People coming from Philadelphia or New Jersey have a "What happens in Vegas stays in Vegas" mentality about the just-over-the-border motels, said Bucks County District Attorney David Heckler.

In 2015, four hotels on Route 1 had 1,134 calls for police - an average of three a day - and 419 arrests, according to Bensalem police statistics.

That's nearly eight times as many as four unidentified motels on Street Road, which crosses Route 1 just a few minutes to the north where higher-rate establishments such as Crowne Plaza, Hampton Inn and Holiday Inn are situated.

"We work them hard," said Fred Harran, director of public safety for the Bensalem Police Department. "We do focus on the hotels when needed."

He did not want to give further details of police strategy, saying only that the department works with hotel owners and employees.

"They're good folks. They don't want crime at their hotels."

Yet the motels also provide shelter for families down on their luck or evicted renters who can get a roof over their heads thanks to the low nightly rates.

"In this world, there's a need for that as well, so it's a fine balance," Harran said.

Most crimes are not targeted at other guests, Harran said - not car break-ins or room thefts. Rather, they have been isolated incidents that often occur in private rooms.
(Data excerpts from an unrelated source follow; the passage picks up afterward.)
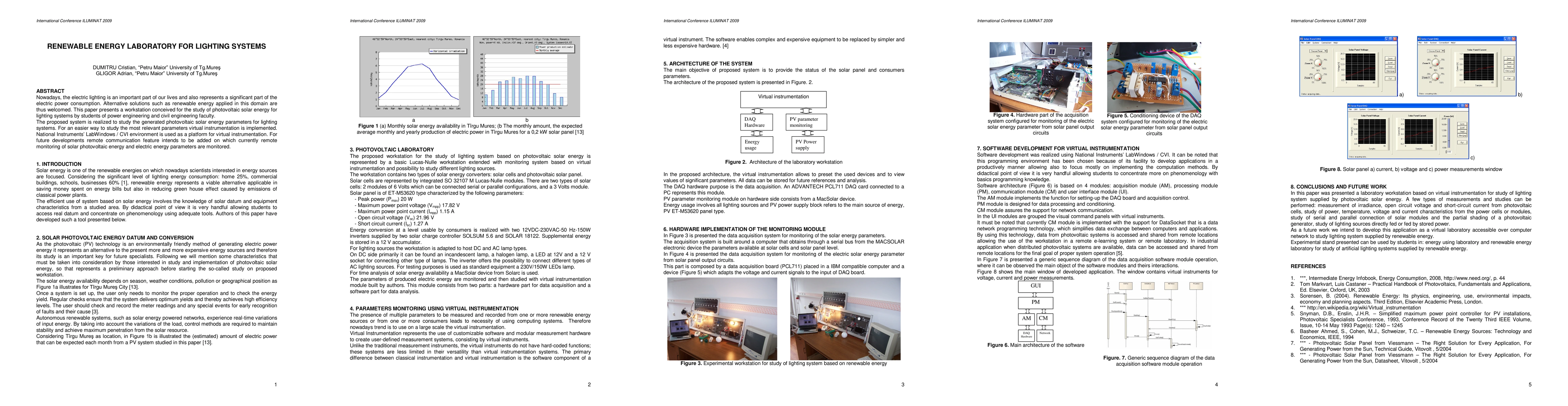 Nowadays, the electric lighting is an important part of our lives and also represents a significant part of the electric power consumption. Alternative solutions such as renewable energy applied in this domain are thus welcomed. This paper presents a workstation conceived for the study of photovoltaic solar energy for lighting systems by students of power engineering and civil engineering faculty. The proposed system is realized to study the generated photovoltaic solar energy parameters for lighting systems. For an easier way to study the most relevant parameters virtual instrumentation is implemented. National Instruments LabWindows CVI environment is used as a platform for virtual instrumentation. For future developments remote communication feature intends to be added on which currently remote monitoring of solar photovoltaic energy and electric energy parameters are monitored.
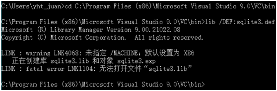 6)执行LIB /DEF:SQLITE3.DEF /MACHINE:IX86或LIB /DEF:SQLITE3.DEF 即可生成sqlite3.lib文件。
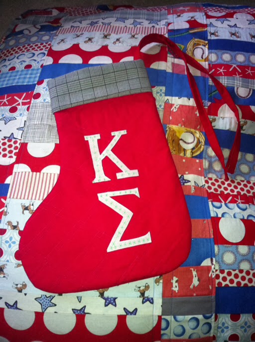 I made a pillow for Mitch, who is now a Kappa Sigma.  There will be more Kappa Sigma presents under the tree.  His Great Aunt gave him a Kappa Sigma bow tie for his birthday last month (he LOVES bow ties!) He thinks they're cool.  :-).
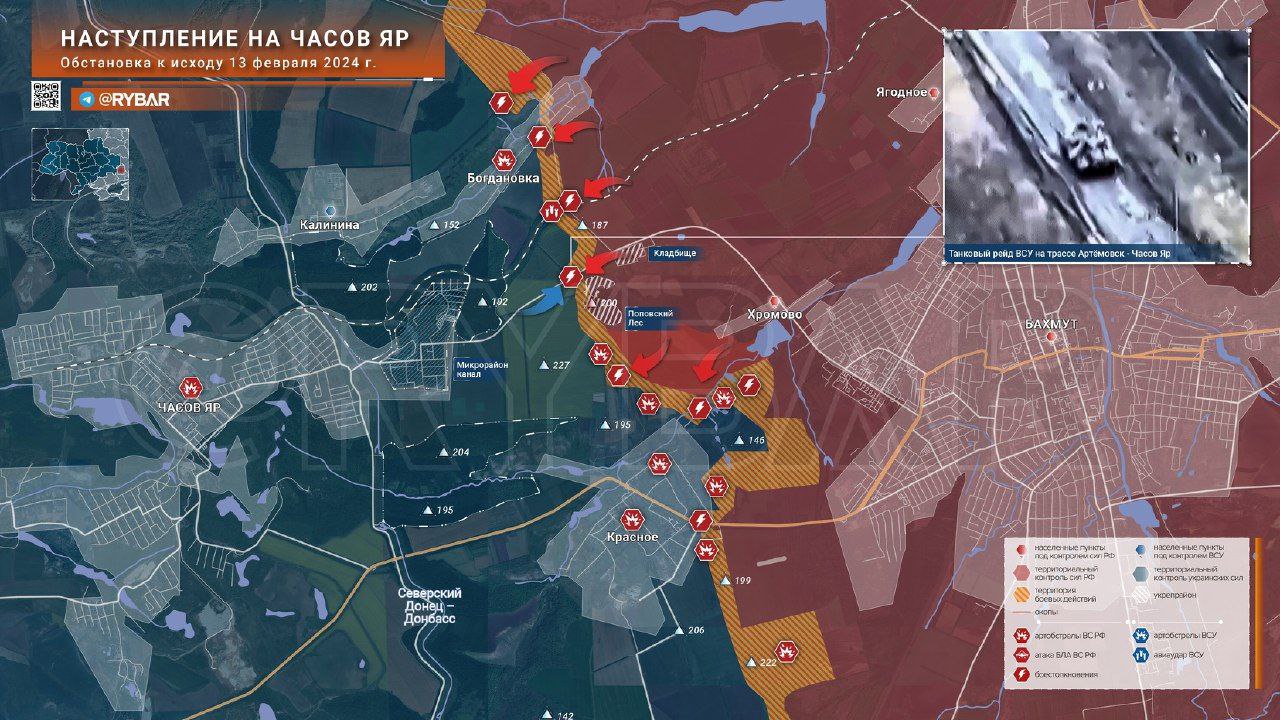 Российские войска продолжают наступление в направлении Часов Яра. Штурмовые отряды ВС РФ смогли расширить зону контроля к югу от Поповского леса, отодвинув противника от Хромово.
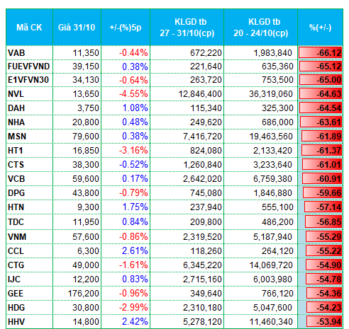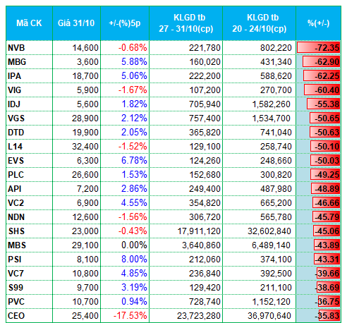 Nhiều đại diện của nhóm chứng khoán góp mặt trong top giảm mạnh thanh khoản. CTS, VIG, EVS, SHS, MBS, PSI giảm khối lượng giao dịch từ 40 - 60% so với tuần trước.
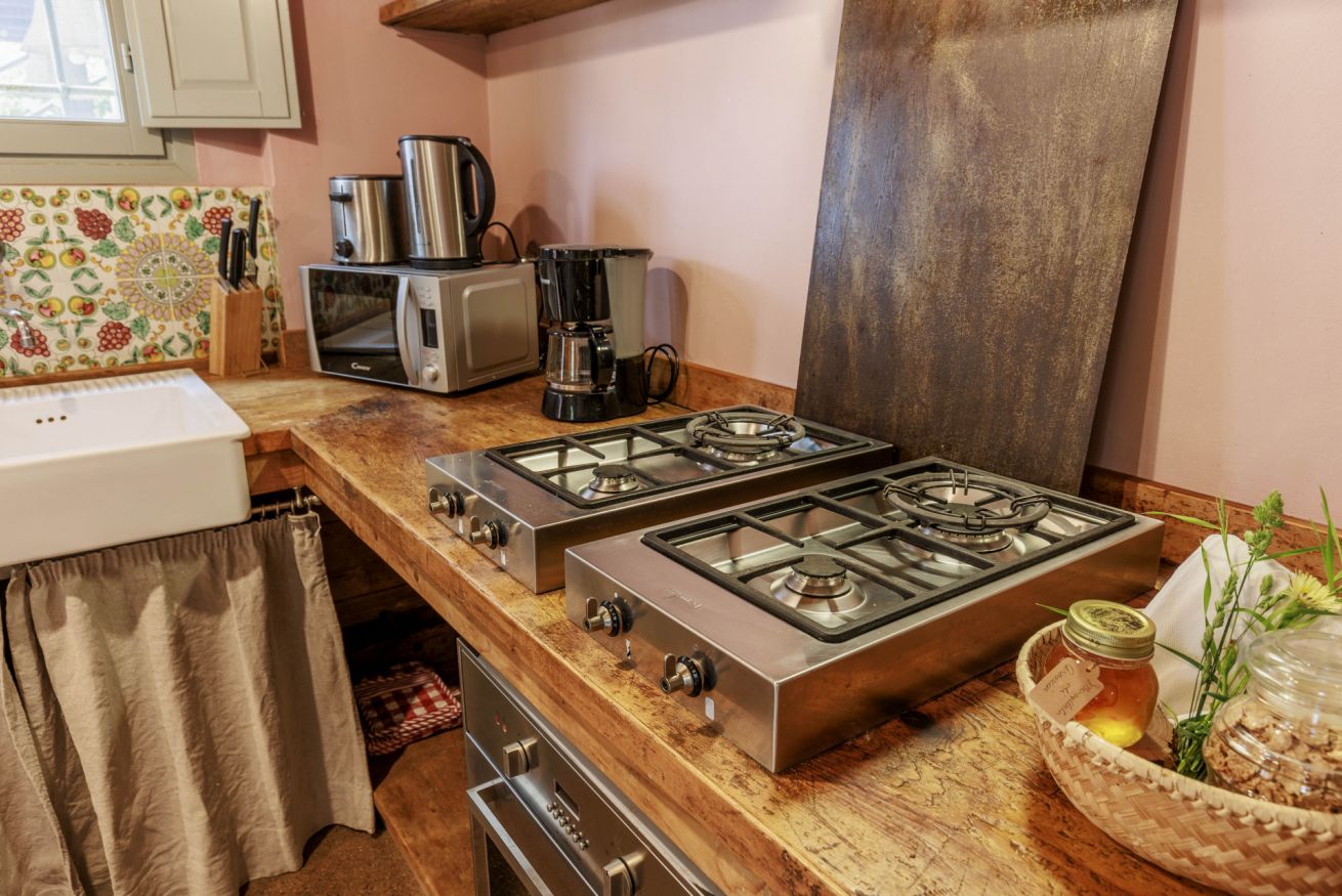 La zona giorno open space ospita un salotto luminoso e una cucina completamente attrezzata con piano cottura a gas, forno, tostapane, bollitore, lavastoviglie e macchina da caffè — perfetta per chi ama cucinare e vivere la casa come un vero rifugio.

Authorities don't want to wipe out the motels; they are not yet considered a nuisance, Heckler said.

Plus, he added, "many of the people we get who are committing crimes in those motels are going to commit crimes somewhere no matter what. I want to catch them."

Last year, a man was charged with killing his girlfriend at the Knights Inn, where he tied a telephone cord around her neck in an attempt to make it look like a suicide.

A few months later, two fugitives wanted in a double slaying in North Carolina holed up at the same motel. One of them shot himself after a police standoff at their room.

In 2013, a former Philadelphia police officer pleaded guilty to sexually assaulting a 14-year-old girl he brought to Lincoln Motel.

In 2012, an 8-month-old was found dead in a room at the Neshaminy Inn, having ingested drugs, his parents' heroin paraphernalia lying near his body.

At the Lincoln Motel on Friday, a side door with a "danger" sign on it was propped open, leading to the deserted motel bar. Past it, a group of contractors was at work in the unlit room.

Cautionary signs were posted all over the building; the first-floor windows were boarded up. The sour smell of smoke hung around the property. The marquee outside still boasted of new rooms starting at $37 daily or $67 nightly.

Small, whose mother last week told the Inquirer that he suffered from mental illness but had been planning to propose to Bacon-Smith, was jailed in Bucks County on May 15 to await court proceedings.

The Lincoln Motel owner was unavailable Friday. Employees at other inns on Route 1 declined to talk Friday about crime in the area.

"There's no regulations on hotels that you must use a 400-count Egyptian thread on your linen," Harran said. "It is what it is."